Irritable bowel syndrome affects approximately 10–15% of the European population, although prevalence rates vary depending on the classification used and the country surveyed. This may be due to differences in patterns of medical care and diagnosis of the condition. Up to 70% of individuals with irritable bowel syndrome may not have been formally diagnosed. The disorder affects 1.5–3 times as many women as men and poses a significant economic burden in Europe, estimated at €700–€1600 per person per year. It also reduces quality of life and is associated with psychological distress, disturbed work and sleep, and sexual dysfunction. It is a chronic disorder, which affects many individuals for more than 10 years. Most patients are managed in primary care, although some are referred to gastroenterologists and other specialists. Patients with irritable bowel syndrome undergo more abdomino-pelvic surgery than the general population. We propose that a positive diagnosis of the condition may avoid the delay in diagnosis many patients experience. We conclude that, in Europe, there are significant unmet needs including lack of familiarity with irritable bowel syndrome, difficulties in diagnosis and lack of effective treatments for the multiple symptoms of the disorder. The development of pan-European guidelines for irritable bowel syndrome will benefit patients with this condition in Europe.

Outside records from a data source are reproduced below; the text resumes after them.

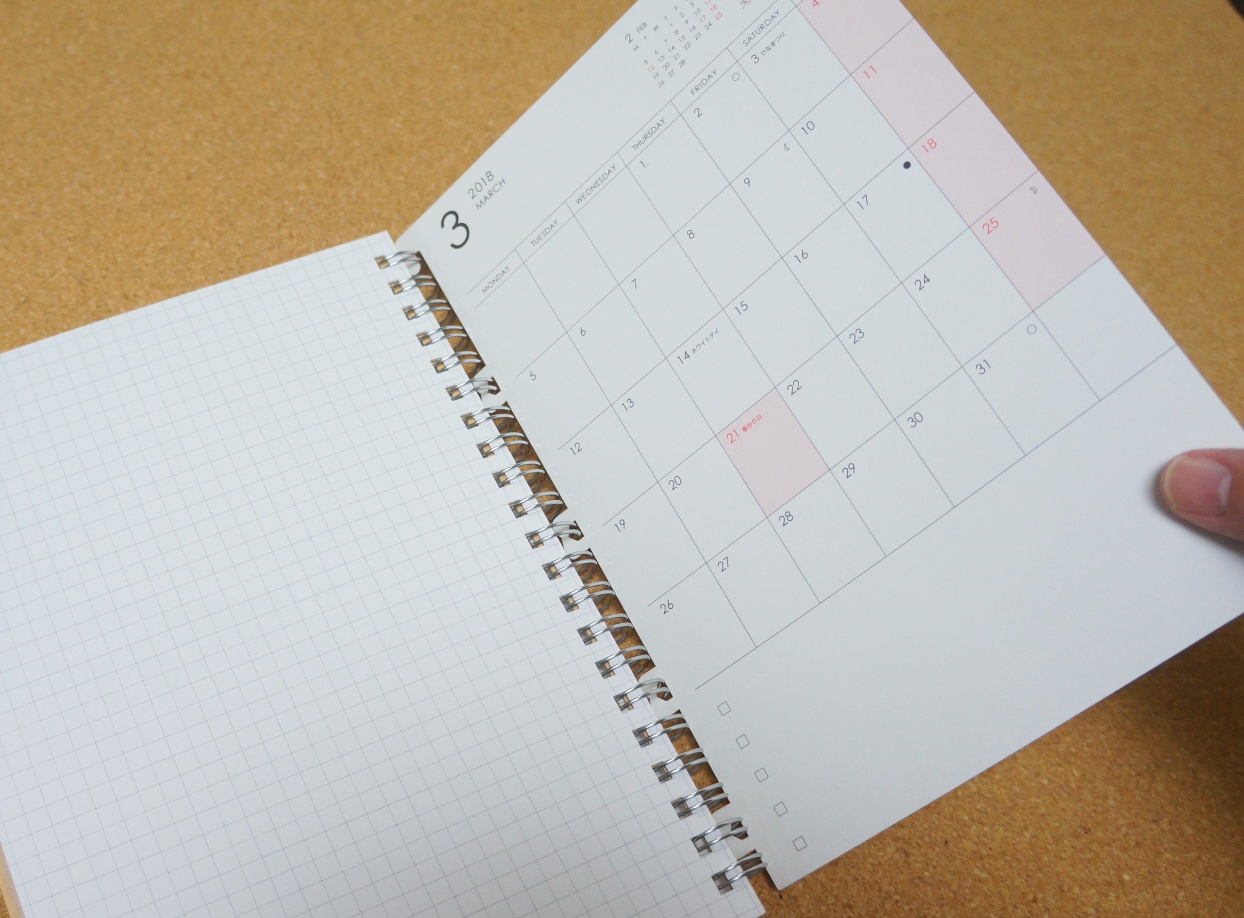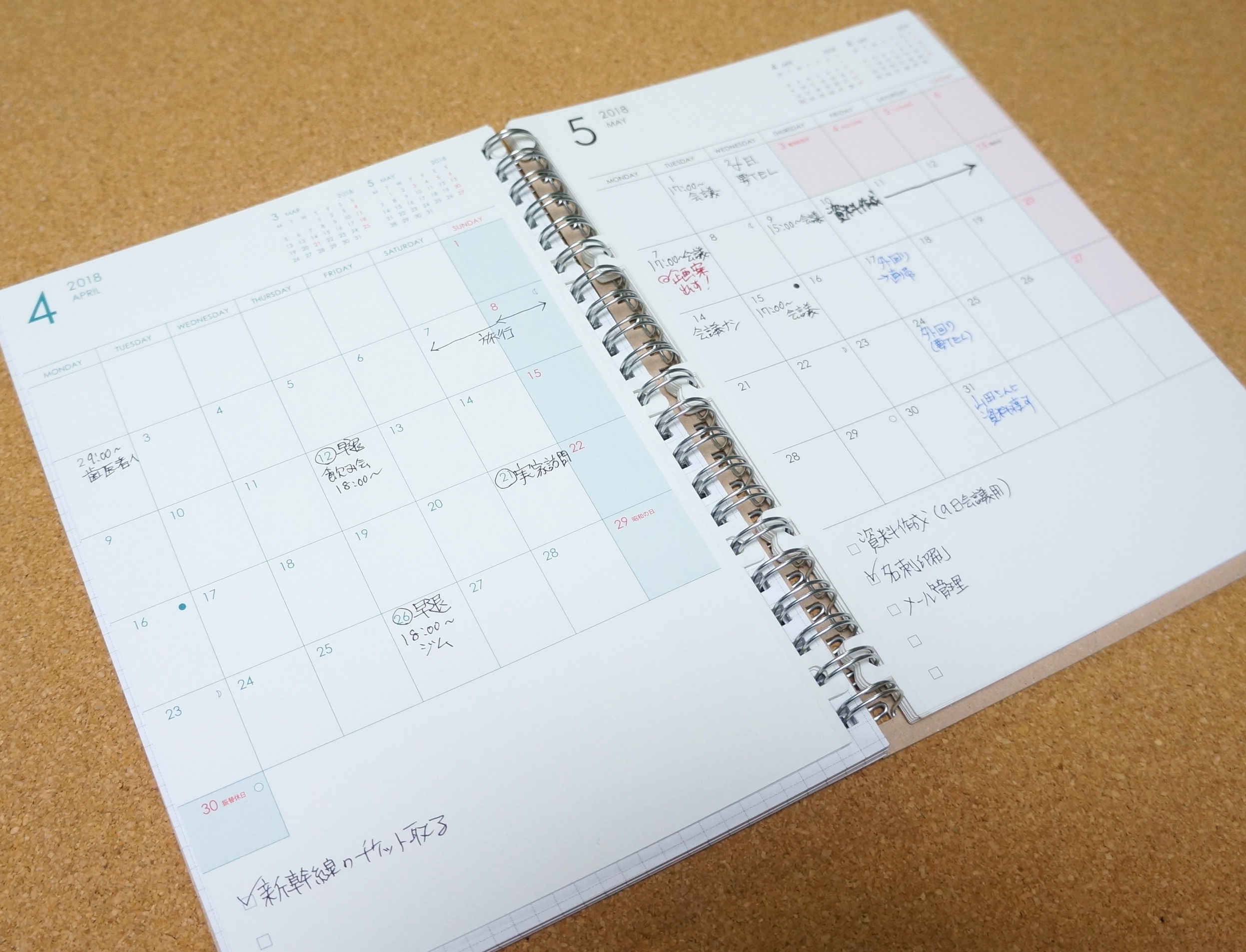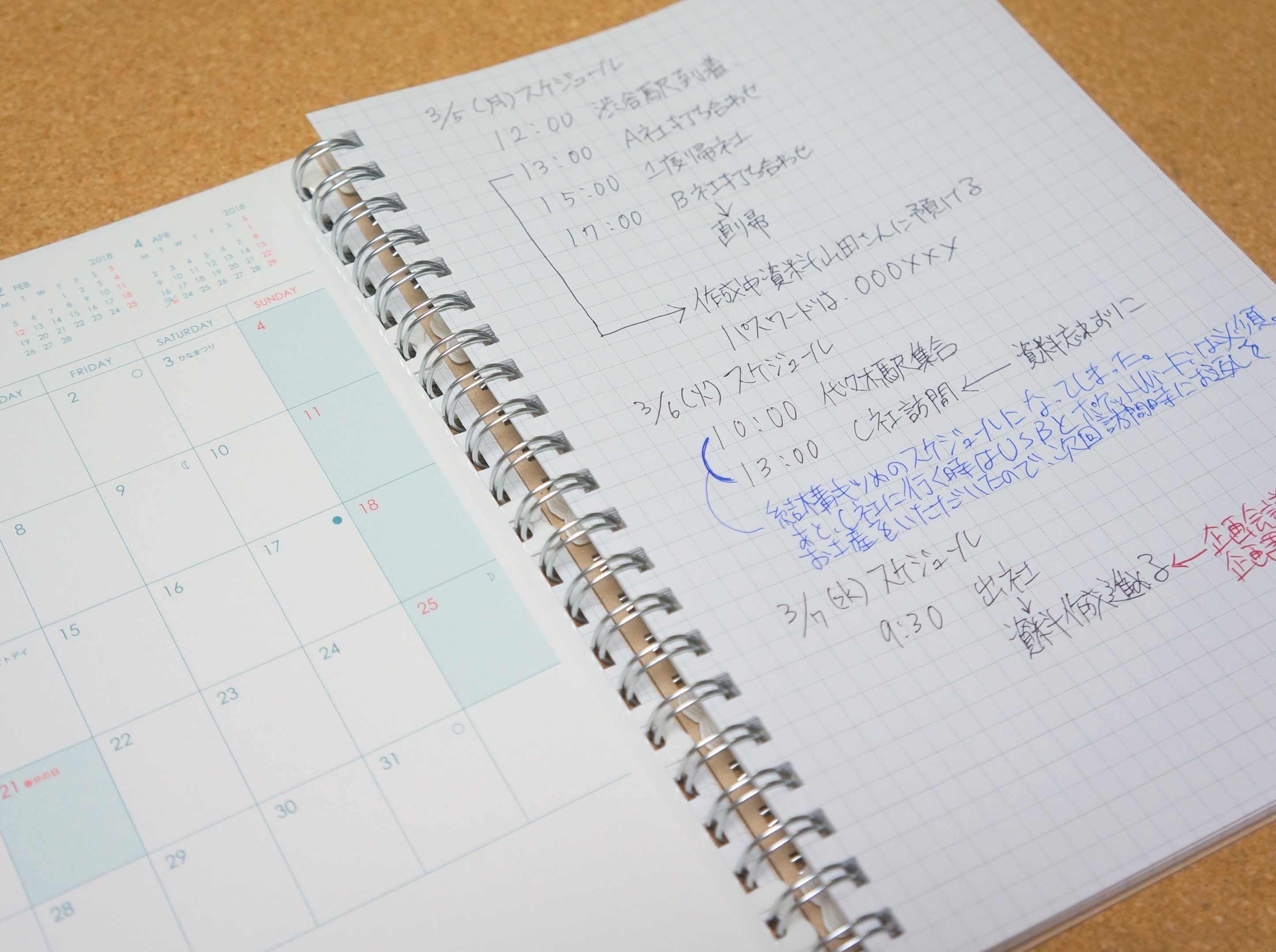 表紙はかっちりしたボール紙で、立ったままでも筆記がしやすいのも魅力のひとつ。ただ、バンドがついていないので、落としたりカバンのなかに入れたりしていると、ページがバラバラになってしまいます。カレンダーをすべて入れると普通のノートより厚みが出るので、本体とは別にバンドを買って留めておくのもアリですよね。
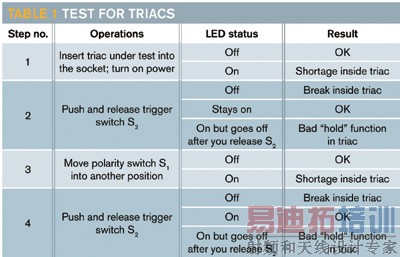 测试过程只花不到5s,包含4个步骤(表1)。LED向测试操作者显示每个步骤的结果。如果所有四步测试均获通过,则双向可控硅合格。在制造期间要再做一次双向可控硅测试,以保证装配板没有问题,双向可控硅工作正常。这一测试可节约时间与人工,避免整件产品装配完后才发现问题。做此测试时双向可控硅已焊在电路板上。使用的电源电压为标称120/220V AC。测试应对DUT有最小影响,并使用最少的时间与工作量。测试中用双向可控硅测试仪代替一个负载。从测试仪到DUT的连接可以有变化,而且要确保在连接120/220V AC时采取一些安全措施。
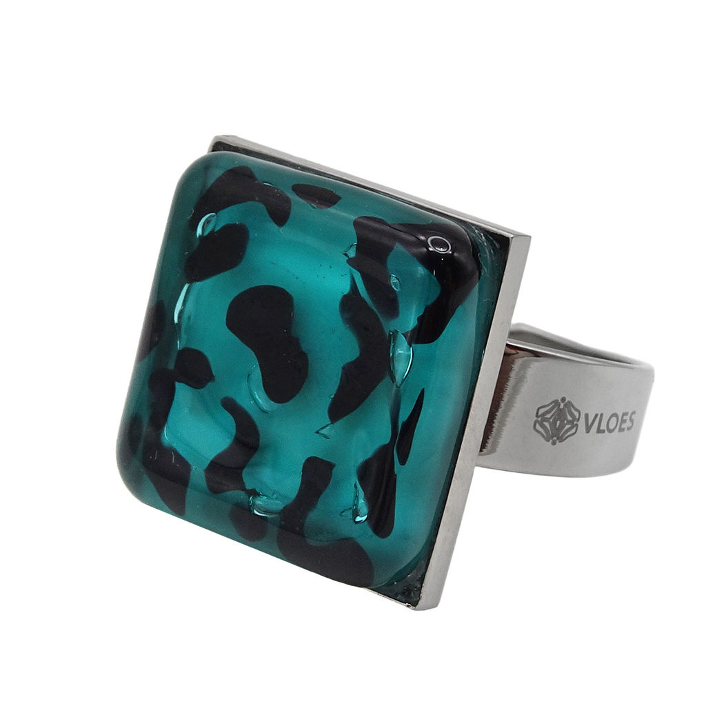 Кольцо изготовлено из муранского стекла и гипоаллергенной ювелирной стали, что очень важно для людей с чувствительной кожей. Металл не темнеет и не подвергается воздействиям окружающей среды, надолго обеспечивая красивый внешний вид изделия. Размер стеклянного элемента - 1,6*1,6 см. Кольцо безразмерное, регулируется с 16 до 19 размера. Вес - 5 гр.

Keywords: Europe, Healthcare burden, Irritable bowel syndrome, Quality of life
1. Introduction
Irritable bowel syndrome (IBS) is a common sensory and motility disorder of the gastrointestinal (GI) tract, affecting approximately 10–15% of the Western population. However, only one third to two thirds of sufferers consult a physician depending on the severity of their symptoms [1], [2]. Patients with IBS experience chronic, episodic abdominal pain/discomfort, bloating and constipation and/or diarrhoea. IBS can be classified according to the patient's predominant bowel symptom: IBS with constipation (IBS-C), IBS with diarrhoea (IBS-D) and IBS with alternating constipation and diarrhoea (IBS-A). According to community-based US data, the prevalence of these subtypes is similar, with each accounting for approximately one third of the total [3], [4]. However, the distribution of these subtypes will differ depending on the specific population evaluated, the criteria used to define each subtype and the geographic location [5]. Although the pathophysiology of IBS is still incompletely understood, the onset of IBS symptoms has been linked to defects in the availability and signalling of serotonin (5-HT) in the GI tract. Blocking or activating key serotonin receptors has been shown to alleviate many of the symptoms of IBS-C and IBS-D. These observations have led us to the development of drugs specifically designed to modulate serotonin receptors in order to target the multiple symptoms experienced by IBS sufferers. A growing body of evidence has also linked acute episodes of gastroenteritis to the subsequent development of IBS (termed ‘post-infective IBS’) [6], [7]. However, currently it is unclear whether post-infective IBS constitutes a distinct IBS sub-group with a unique pathogenesis. More studies are needed to further understand the pathophysiology of post-infective IBS, particularly within the United States, as most studies to date have focussed on the prevalence of the condition in Europe.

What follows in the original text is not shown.